### Exercise instructions
A verbatim restatement of the data, free of pictures, is what you should output.

——————————

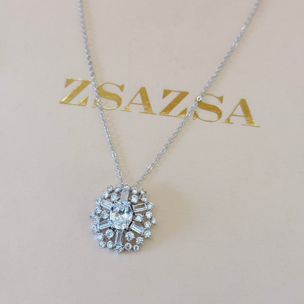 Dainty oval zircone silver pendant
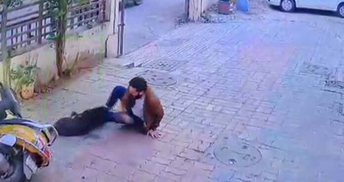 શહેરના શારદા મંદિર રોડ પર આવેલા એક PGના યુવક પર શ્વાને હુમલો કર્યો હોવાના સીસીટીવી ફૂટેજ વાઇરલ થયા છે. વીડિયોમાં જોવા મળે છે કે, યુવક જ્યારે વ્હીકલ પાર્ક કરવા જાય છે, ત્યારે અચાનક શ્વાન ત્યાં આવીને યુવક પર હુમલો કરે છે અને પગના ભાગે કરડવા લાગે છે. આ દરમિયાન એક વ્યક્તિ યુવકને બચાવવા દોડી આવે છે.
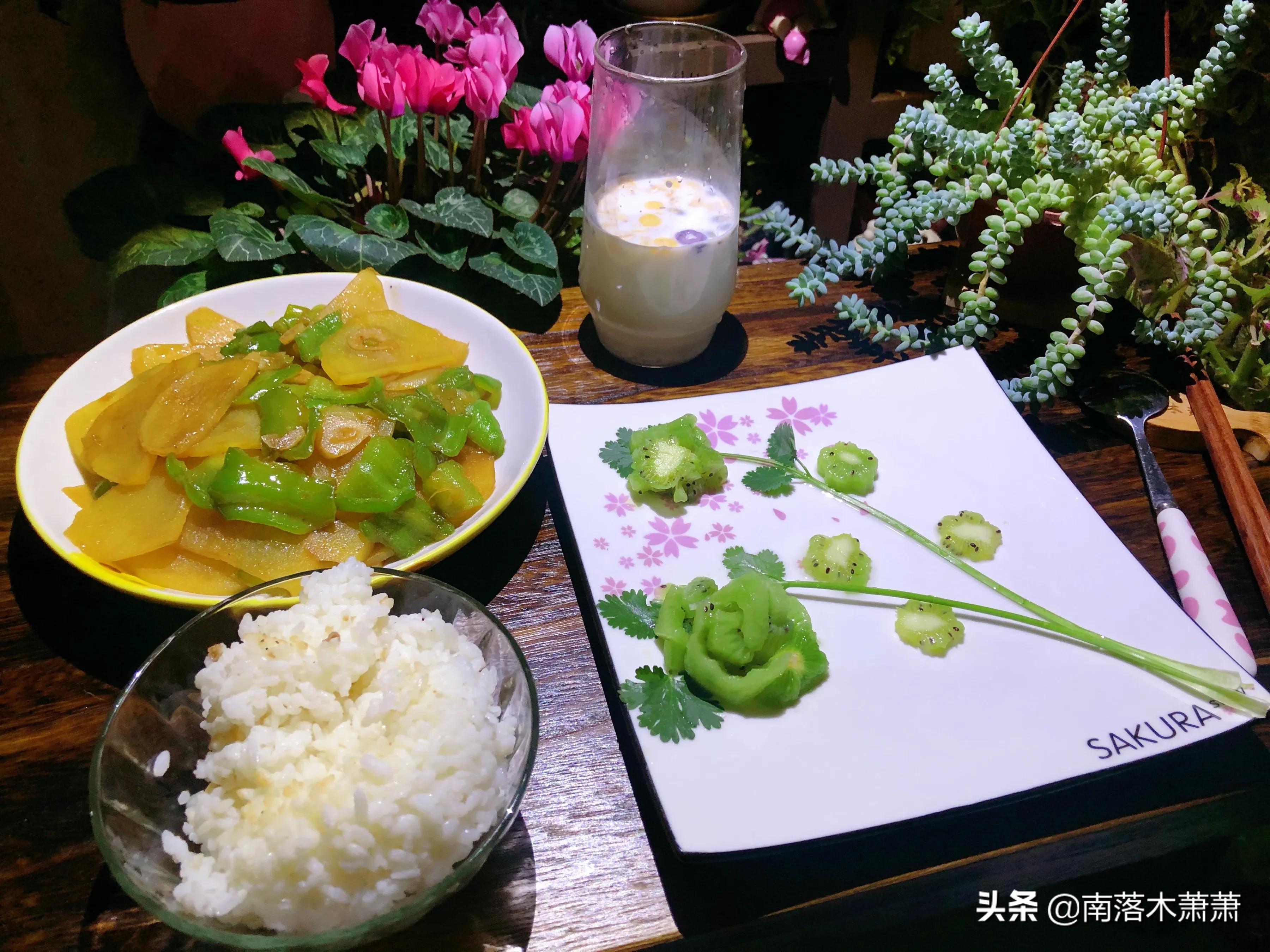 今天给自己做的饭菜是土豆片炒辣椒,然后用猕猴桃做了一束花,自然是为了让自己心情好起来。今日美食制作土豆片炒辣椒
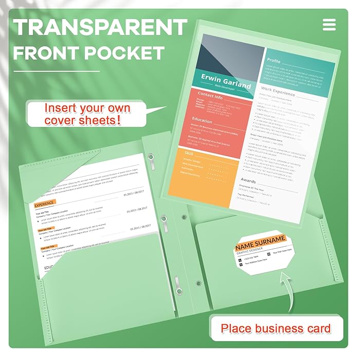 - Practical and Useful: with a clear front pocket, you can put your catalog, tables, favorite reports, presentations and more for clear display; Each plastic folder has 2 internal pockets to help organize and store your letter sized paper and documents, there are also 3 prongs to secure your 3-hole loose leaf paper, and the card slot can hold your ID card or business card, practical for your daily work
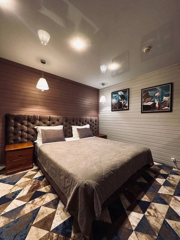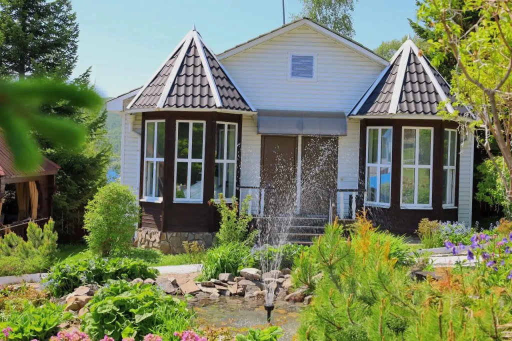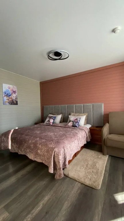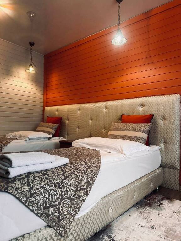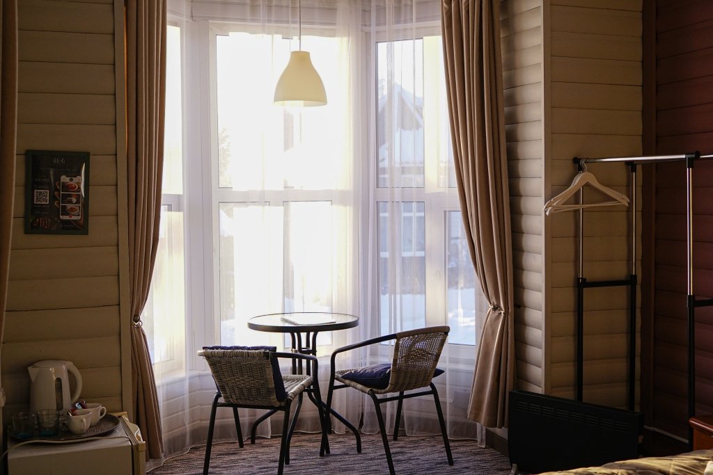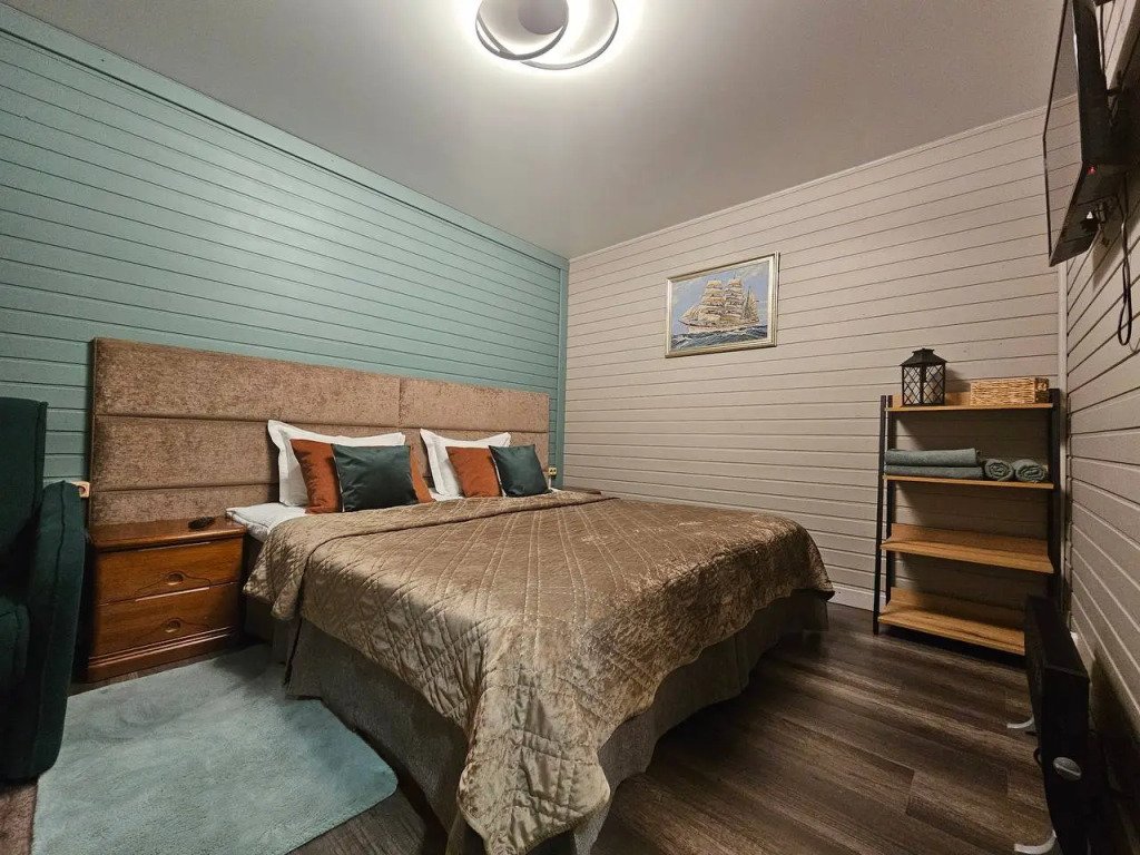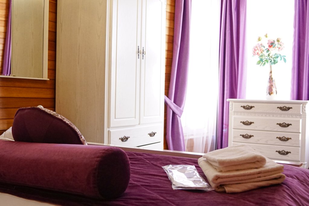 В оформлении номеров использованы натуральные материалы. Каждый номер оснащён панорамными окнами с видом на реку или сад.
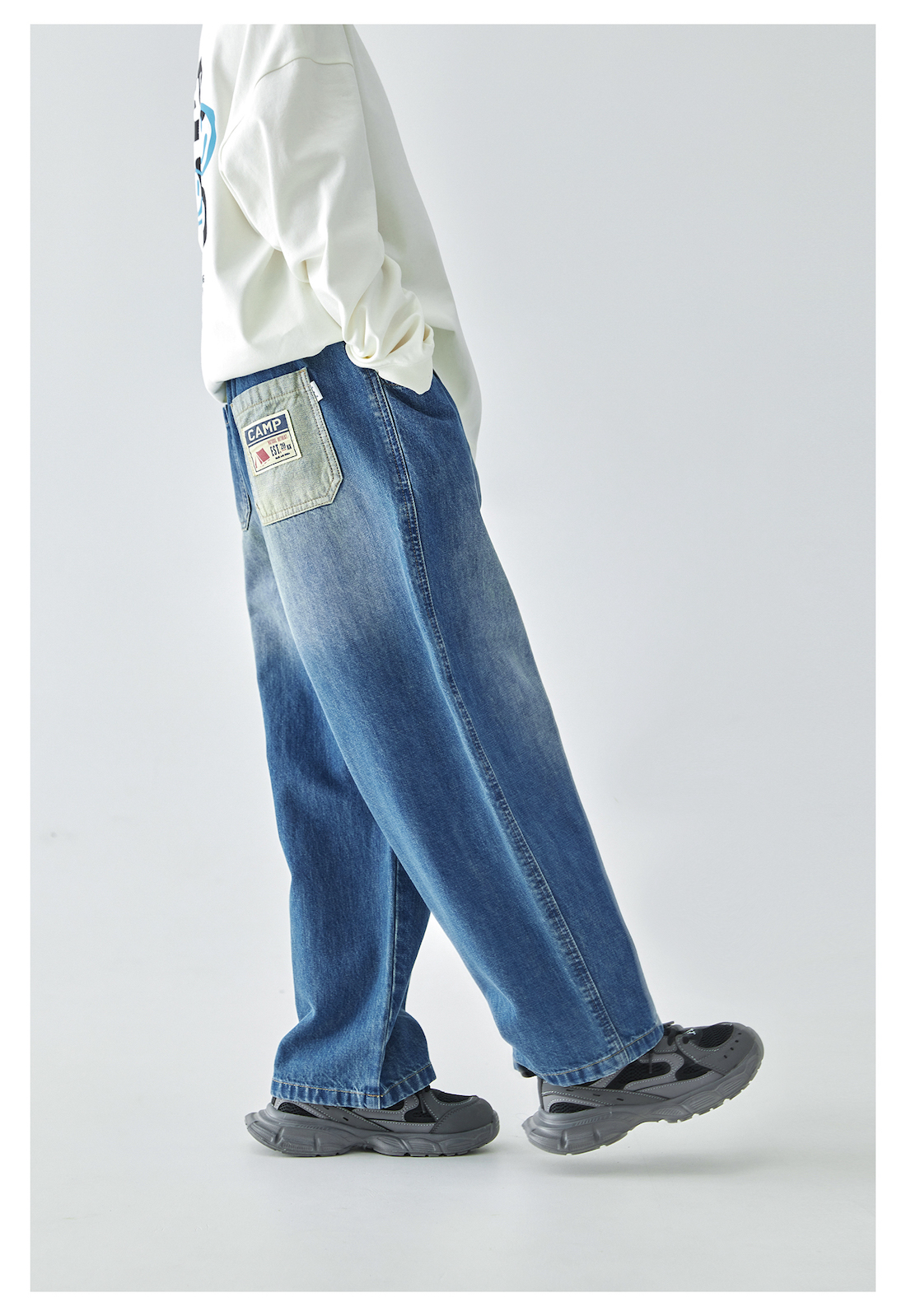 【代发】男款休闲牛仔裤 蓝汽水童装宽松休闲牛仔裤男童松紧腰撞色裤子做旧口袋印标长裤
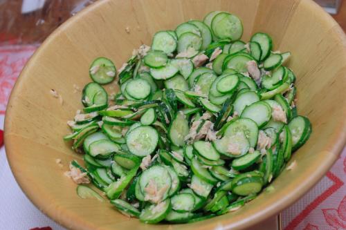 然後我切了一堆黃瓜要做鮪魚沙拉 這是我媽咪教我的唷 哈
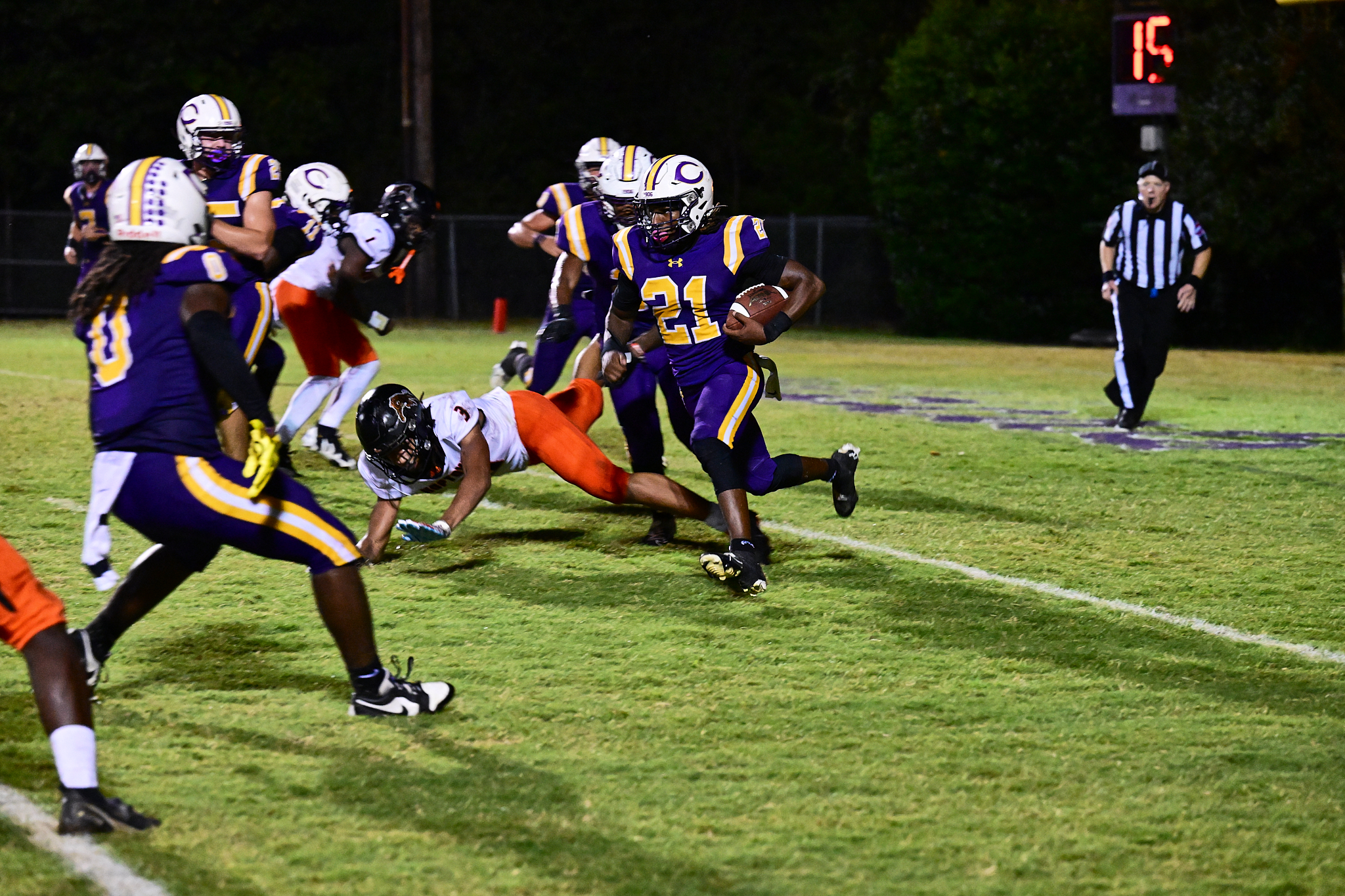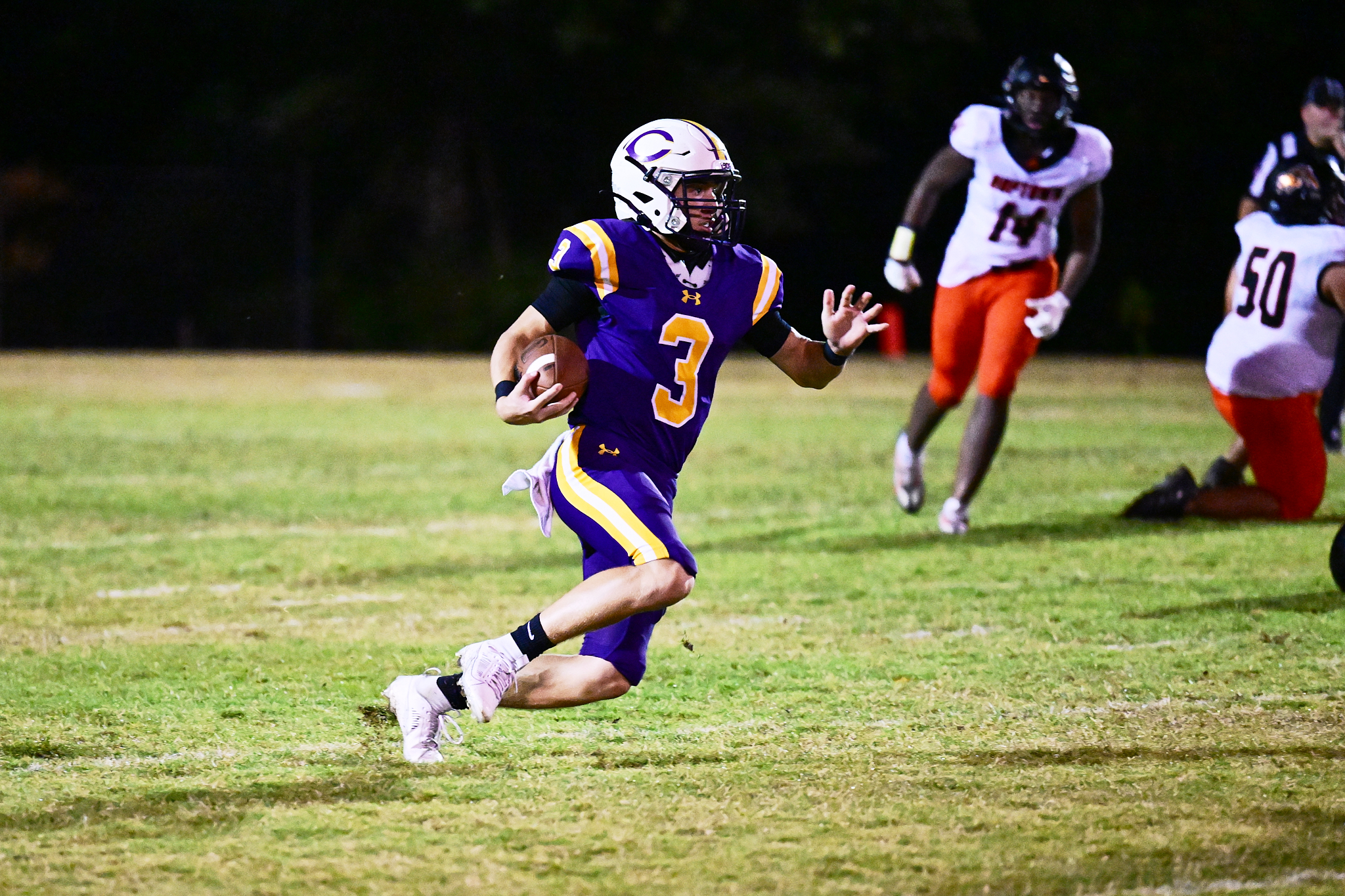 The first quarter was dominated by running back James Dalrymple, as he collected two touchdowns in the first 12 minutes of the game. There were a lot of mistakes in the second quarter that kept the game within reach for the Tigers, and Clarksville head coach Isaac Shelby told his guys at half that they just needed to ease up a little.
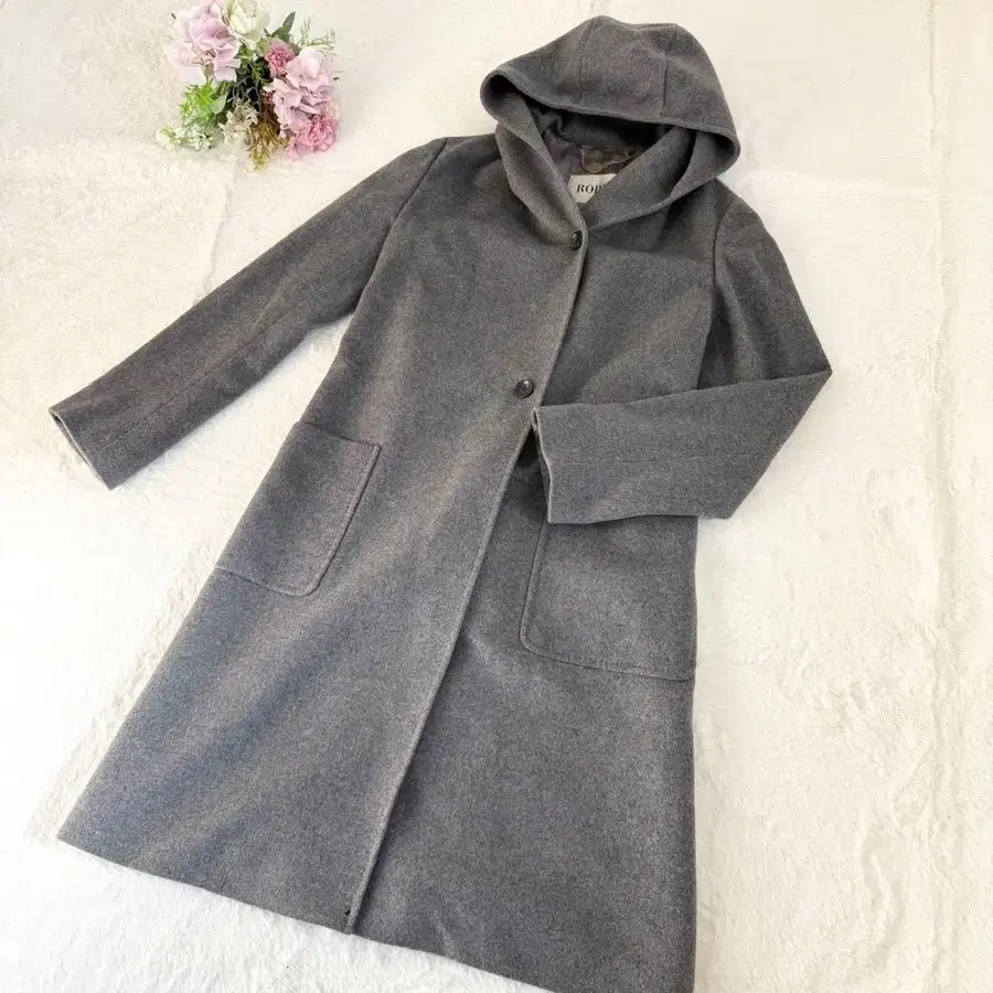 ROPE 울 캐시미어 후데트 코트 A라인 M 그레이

——————————

### Answer space
 Dainty oval zircone silver pendant
 શહેરના શારદા મંદિર રોડ પર આવેલા એક PGના યુવક પર શ્વાને હુમલો કર્યો હોવાના સીસીટીવી ફૂટેજ વાઇરલ થયા છે. વીડિયોમાં જોવા મળે છે કે, યુવક જ્યારે વ્હીકલ પાર્ક કરવા જાય છે, ત્યારે અચાનક શ્વાન ત્યાં આવીને યુવક પર હુમલો કરે છે અને પગના ભાગે કરડવા લાગે છે. આ દરમિયાન એક વ્યક્તિ યુવકને બચાવવા દોડી આવે છે.
 今天给自己做的饭菜是土豆片炒辣椒,然后用猕猴桃做了一束花,自然是为了让自己心情好起来。今日美食制作土豆片炒辣椒
 - Practical and Useful: with a clear front pocket, you can put your catalog, tables, favorite reports, presentations and more for clear display; Each plastic folder has 2 internal pockets to help organize and store your letter sized paper and documents, there are also 3 prongs to secure your 3-hole loose leaf paper, and the card slot can hold your ID card or business card, practical for your daily work
 В оформлении номеров использованы натуральные материалы. Каждый номер оснащён панорамными окнами с видом на реку или сад.
 【代发】男款休闲牛仔裤 蓝汽水童装宽松休闲牛仔裤男童松紧腰撞色裤子做旧口袋印标长裤
 然後我切了一堆黃瓜要做鮪魚沙拉 這是我媽咪教我的唷 哈
 The first quarter was dominated by running back James Dalrymple, as he collected two touchdowns in the first 12 minutes of the game. There were a lot of mistakes in the second quarter that kept the game within reach for the Tigers, and Clarksville head coach Isaac Shelby told his guys at half that they just needed to ease up a little.
 ROPE 울 캐시미어 후데트 코트 A라인 M 그레이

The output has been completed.